Le premier texte, une directive, instaure un socle minimum contraignant de normes relatives à la qualité et la sécurité dans le processus de la transplantation d’organe. Le caractère exclusivement gratuit du don d’organes de la part de personnes vivantes est bétonné. Pour les parlementaires, il s’agissait aussi de concilier la traçabilité de des organes et l’anonymat des donneurs, vivants ou non. Les pays-membres disposent désormais de deux années pour transposer le texte dans leurs législations nationales. Cette directive, fruit de compromis entre 27 sensibilités différentes, n’offre en fait qu’un cadre juridique aux Etats. Ainsi la retranscription du texte accouchera d’une loi différente dans chaque pays.

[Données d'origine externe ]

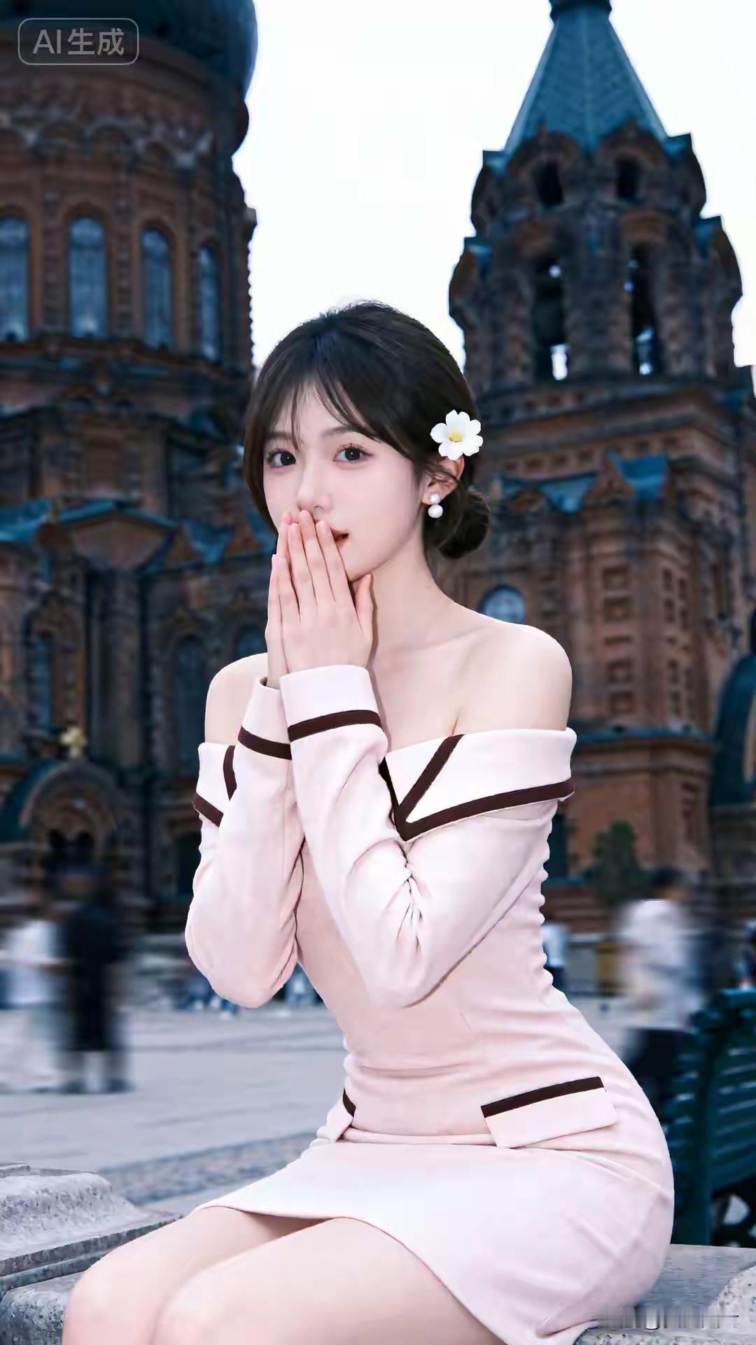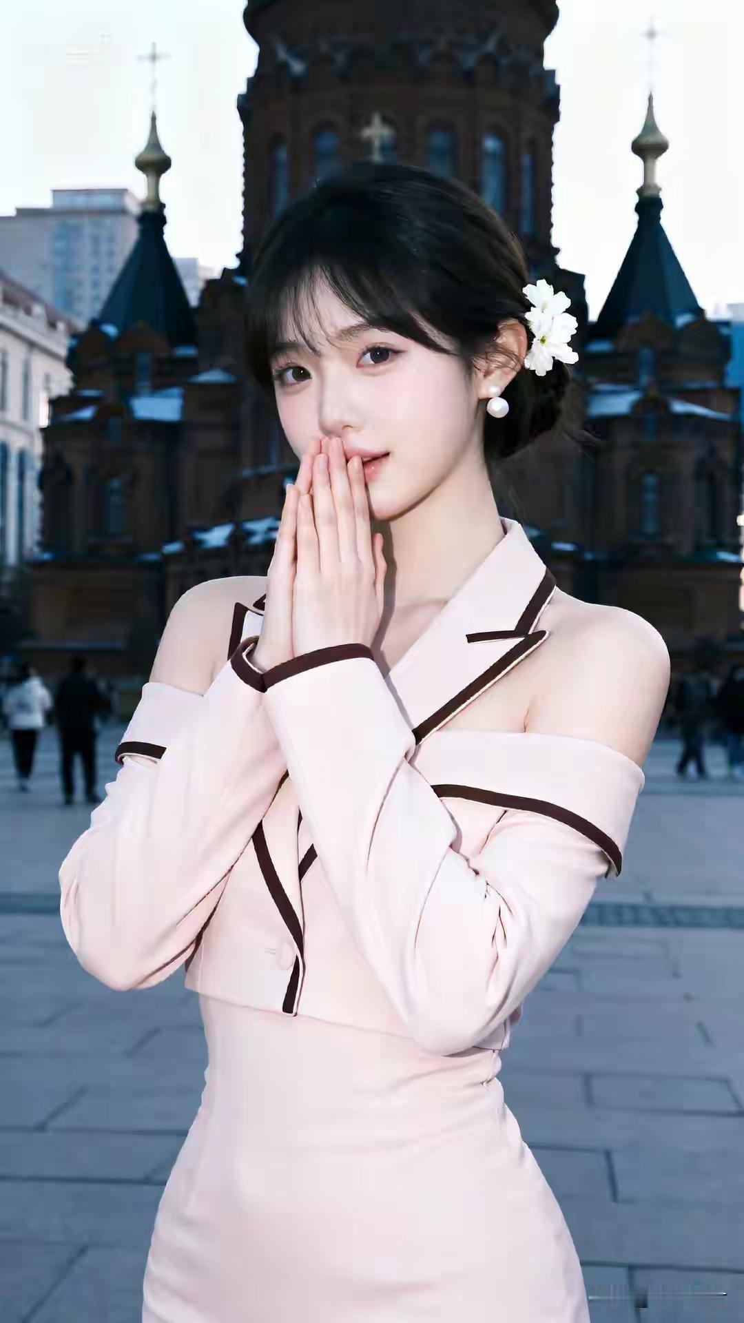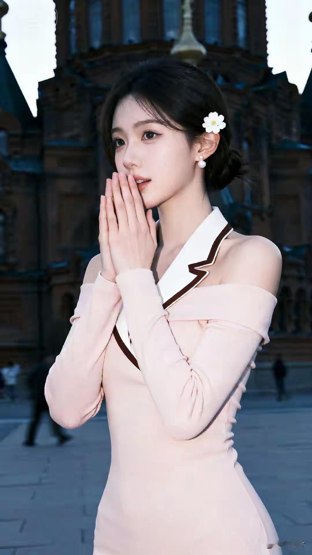 建筑前的优雅小香风 裸粉色露肩裙,棕边点缀精致又高级,发间白花、耳间珍珠,把优雅感拉满~在复古建筑前,双手轻合,仿佛把时光里的温柔都定格在了这一刻✨
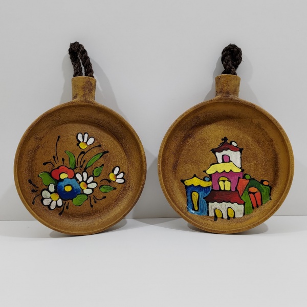 • Par de Pratos Enfeite de Parede em Cerâmica. Medidas de Um: Altura: 30 cm, Largura: 4 cm, Comprimento: 20 cm, Peso: 960 g.
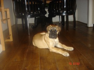 | Lekker genieten in de voorjaarszon. Op deze foto is Bo ongeveer een half jaar oud. | |
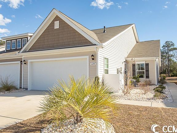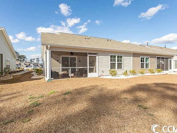 Beautifully located home, the entrance to Heather Glen are Live Oak Trees and waterfall. Arriving in the community, view of large ponds with fountains and walking areas. Large clubhouse, exercise room, pool/spa and porch with rocking chairs and lounge chairs for enjoyment. The home on Wallace Drive has rear screen porch attached to One Story Home with three bedrooms two bathrooms and double garage. Pull down attic stairway to storage with ample flooring and safety rail to assist at top of steps. Living room vaulted ceiling with ceiling fan and sunlight through side windows with plantation shutters. Kitchen fully appointed; pantry allowing small appliances to store on cabinet with electrical plug-in and motion light. Countertops hard surface with breakfast bar; stainless appliances. Washer/Dryer area also motion light. Bathrooms with comfort height water toilets/tile floors. Master offers double vanity. Landscaping with rocks and shrubs. Electric and Natural Gas. Close to shopping, hospital ,beaches plus the community amenities. Landscaping with river rock; HOA maintains lawn.

Bien sûr les Etats qui désirent aller plus loin en ont la possibilité.

La thématique des organes heurtent les différentes sensibilités

Miroslav Mikolasik affirme sans ciller que le texte est passé comme une lettre à la poste, la vérité diffère toutefois quelque peu…En réalité, la directive est le fruit de longues tractations. Le PPE, le parti social-chrétien européen, le propre parti du rapporteur slovaque s’est divisé sur le fameux point 22 du plan d’action. Ce point fut tout simplement retiré du vote avec le soutien nécessaire mais acquis d’une partie des parlementaires PPE. Celui-ci préconisait le prélèvement d’organes sur des vivants, seulement au bénéfice d’une personne proche…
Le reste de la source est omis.